Saturday, 23 March 2013

What we can do to clean up our act

Will you clear your own food tray at the foodcourt? There's a limit to raising productivity to lower the demand for foreign workers. It would be far more efficient - and quicker - if we Singaporeans learn to do more tasks ourselves.
By Ivan Png, Published The Straits Times, 22 Mar 2013

SINCE Finance Minister Tharman Shanmugaratnam announced the Government's 2013 Budget, Singaporeans have engaged in an intense debate about productivity and our stubborn reliance on foreign workers.

Businesses have been exhorted to automate, using machines and information technology (IT) to help workers do more in the same time. Even more has been said about foreign worker quotas, dependency ratios, and levies.

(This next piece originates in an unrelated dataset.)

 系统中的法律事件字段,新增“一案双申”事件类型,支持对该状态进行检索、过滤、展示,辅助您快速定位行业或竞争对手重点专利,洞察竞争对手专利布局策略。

However, the discussion seems to have mostly overlooked the role of Singaporeans in reducing the need for foreign workers.

One way is for Singaporeans to perform the work, such as construction and cleaning, that we supposedly refuse, but which people in Australia, Hong Kong, South Korea, Japan and New Zealand - with no easy supply of cheap foreign workers - all do. But, I'll leave that discussion for another day.

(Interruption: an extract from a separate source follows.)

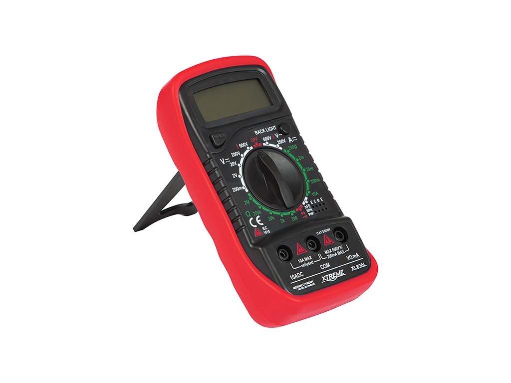 Merilnik XTREME je univerzalno orodje, namenjeno delavnicam ali šolam, vendar bo odlično deloval tudi pri domačih in profesionalnih nalogah. Odlikuje ga zelo čitljiv osvetljen LCD zaslon ter zaščitni in snemljiv gumijasti pokrov, zadaj pa je vgrajeno stojalo, ki olajša odčitavanje rezultatov med meritvami. V kompletu so priloženi tudi potrebni kabli.

The other way to reduce the need for foreign workers is to change our habits and choices.

Let me elaborate in the context of two lines of work - gardening and cleaning.

The greenery throughout our island distinguishes Singapore from many other cities, and helps to make our homeland very liveable.

However, our Garden City depends on a small army of foreign workers to maintain trees, trim bushes, cut grass. All those trees, bushes and grass add up to a huge amount of maintenance work.

What to do? In the future, landscape architecture should emphasise design for maintenance.

Among the 10 trees featured on the National Parks Board website, only one, the Saga, is described as "low-maintenance".

Evidently, trees differ in the need for maintenance. If we gradually shift towards planting low-maintenance trees, over the long term, we will still reap a reward in shade, heat absorption, and oxygenation, but at a lower cost in dollars and foreign workers.

Is it really necessary to clear large areas and slopes, and plant them with grass?

Wouldn't it be equally green and much less costly to leave areas to grow wild?

If slopes have to be planted at all, can we use creepers or other plants that do not require frequent cutting?

From any viewpoint - aesthetic, climatic, or health - we do not need to make every open area look like a golf course with a manicured flat green.

Historically, another of our international distinctions was being one of the world's cleanest cities - due to good behaviour, inculcated through repeated government publicity campaigns.

However, in recent years, littering has returned (with a vengeance) and the dirty secret of our apparent cleanliness is another army of foreign workers, cleaning corridors, roads, foodcourts, everywhere.

Reducing the need for foreign cleaners will be challenging.

We must make cleanliness everyone's responsibility, not just the responsibility of cleaners.

The recent initiative for us to clear our own tables at foodcourts is a good start.

Indeed, the Government should bring back "Keep Singapore Clean" campaigns to instill the anti-littering message. Such campaigns may seem paternalistic and inconsistent with being a "world class" city, but, I feel that it is even worse to be Third World in mentality and pretend that we are First World.

An easier move is at the workplace. A cleaner comes twice a day to clear my bin. Obviously, that is not necessary, and the university has surveyed faculty members to ask how frequently we would like the cleaning service. Some of my colleagues chose once a week!

With the number of foreign work permit holders (other than in construction and domestic work) having ballooned by 55,000 from 394,000 to 449,000 in just five years between 2007 and 2012, the problem is evident.

Of course, to some extent, it is possible to increase the productivity of gardeners and cleaners through automation and IT.

But automation and IT go only so far - unless robots become so clever that they can cut grass on slopes and clear tables. Otherwise, we must all change our behaviour and quickly.

The writer is Lim Kim San Professor at the NUS Business School, and Professor of Economics and Information Systems at the National Universityof Singapore.